(Beginning of Data below)

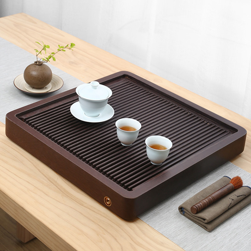 Rentang square electric Wood tea tray German Brown household dry bubble simple tea set big and small tea Taiwan tray tea ceremony
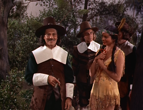 Allen had to rely on a bunch of stock footage, and calling in favors from his B-list celebrity acquaintances. Hedy Lamarr, Peter Lorre, John Carradine, Cesar Romero, and several others (including young Dennis Hopper as Napoleon) all heeded the call to play an important historical figure in a self-contained segment. Allen would have each of them for one day of shooting on cheap, tiny sets, and paid them $2000 each. He got Groucho to play Peter Minuit, who according to legend swindled the Native Americans out of Manhattan Island in 1626. Harpo played a silent Isaac Newton, who was evidently a harpist as well as a physicist, getting bonked on the head with apples. Chico was an Italian monk being convinced the world was round in the Christopher Columbus sequence. None of them appeared together. But at least they were in Technicolor.
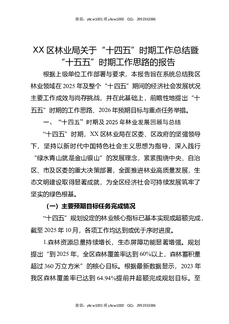 XX区林业局关于“十四五”时期工作总结暨“十五五”时期工作思路的报告.docx
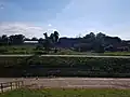 Linia kolejowa nr 151 na odcinku pomiędzy stacjami Nędza i Racibórz Markowice, na skraju rezerwatu przyrody Łężczok (po prawej). Widok w kierunku stacji Racibórz Markowice | |

(End of Data below)

- [Task item]: Output the full material above exactly, leaving every picture out.

- [Answer section]:
 Rentang square electric Wood tea tray German Brown household dry bubble simple tea set big and small tea Taiwan tray tea ceremony
 Allen had to rely on a bunch of stock footage, and calling in favors from his B-list celebrity acquaintances. Hedy Lamarr, Peter Lorre, John Carradine, Cesar Romero, and several others (including young Dennis Hopper as Napoleon) all heeded the call to play an important historical figure in a self-contained segment. Allen would have each of them for one day of shooting on cheap, tiny sets, and paid them $2000 each. He got Groucho to play Peter Minuit, who according to legend swindled the Native Americans out of Manhattan Island in 1626. Harpo played a silent Isaac Newton, who was evidently a harpist as well as a physicist, getting bonked on the head with apples. Chico was an Italian monk being convinced the world was round in the Christopher Columbus sequence. None of them appeared together. But at least they were in Technicolor.
 XX区林业局关于“十四五”时期工作总结暨“十五五”时期工作思路的报告.docx
 Linia kolejowa nr 151 na odcinku pomiędzy stacjami Nędza i Racibórz Markowice, na skraju rezerwatu przyrody Łężczok (po prawej). Widok w kierunku stacji Racibórz Markowice | |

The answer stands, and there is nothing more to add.